FeatureGitHub Copilot CLIClaude CodeGemini CLICursor Editor
AGENTS.md native support✅ v0.0.401+❌ (Not available)✅ v1.2.0+✅ v0.40+
.agents/skills auto-load✅ v0.0.401+❌ (Not available)⚠️ Experimental⚠️ Uses SKILL.md
Signed manifest validation✅ Enterprise❌ (Not available)❌ (Not available)⚠️ Beta
mise.toml integration⚠️ Manual⚠️ Manual✅ Native⚠️ Manual
Audit logging✅ Enterprise✅ Enterprise❌ (Not available)❌ (Not available)

Legend: ✅ Fully supported | ⚠️ Partial/Beta | ❌ Not available Note: I don’t use Cursor, I’ve provided a more extensive comparison based on web research


Wrapping Up: Why This Matters

CLI tools outperform web chatbots for development work because they access files directly, read context automatically, and execute commands without friction. When you use standardized context files like AGENTS.md instead of tool-specific configurations, switching between AI providers becomes trivial.

Think of AGENTS.md and mise.toml as executable documentation; they’re instructions AI tools consume automatically on every interaction, ensuring consistent behavior across thousands of operations.
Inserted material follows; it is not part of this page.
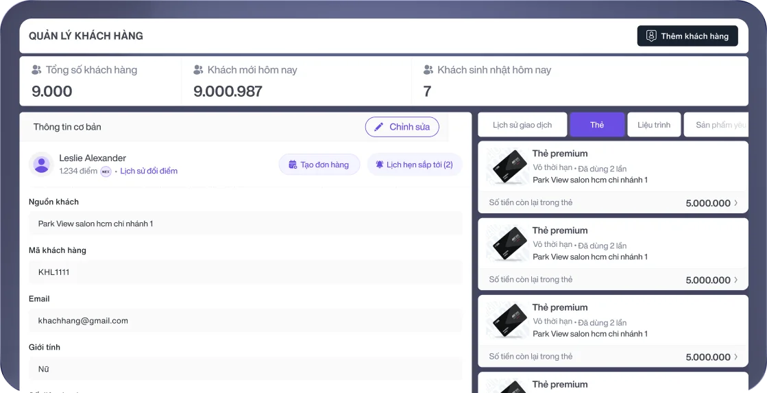 Quản lý toàn diện – Dễ dàng kiểm soát mọi hoạt động Spa

Tools like mise guarantee that AI-generated code works identically on your machine, your teammate’s laptop, and CI/CD pipelines.

Start simple with basic AGENTS.md covering build commands and security boundaries, add mise.toml when version drift causes issues, introduce specs and ADRs when compliance demands them; don’t over-engineer from day one. All these organizational patterns (AGENTS.md, ./agents folder, mise.toml, signed manifests, audit trails) remain optional for typical repositories but become essential for structured enterprise projects where AI agents need explicit guidance to produce outputs matching your expectations.

Major providers (GitHub, Anthropic, Google) are collaborating through the AI Context Working Group to standardize these patterns. By late 2026, expect universal support across CLI tools, standardized security schemas, and certified compliance templates for SOC 2 and ISO 27001.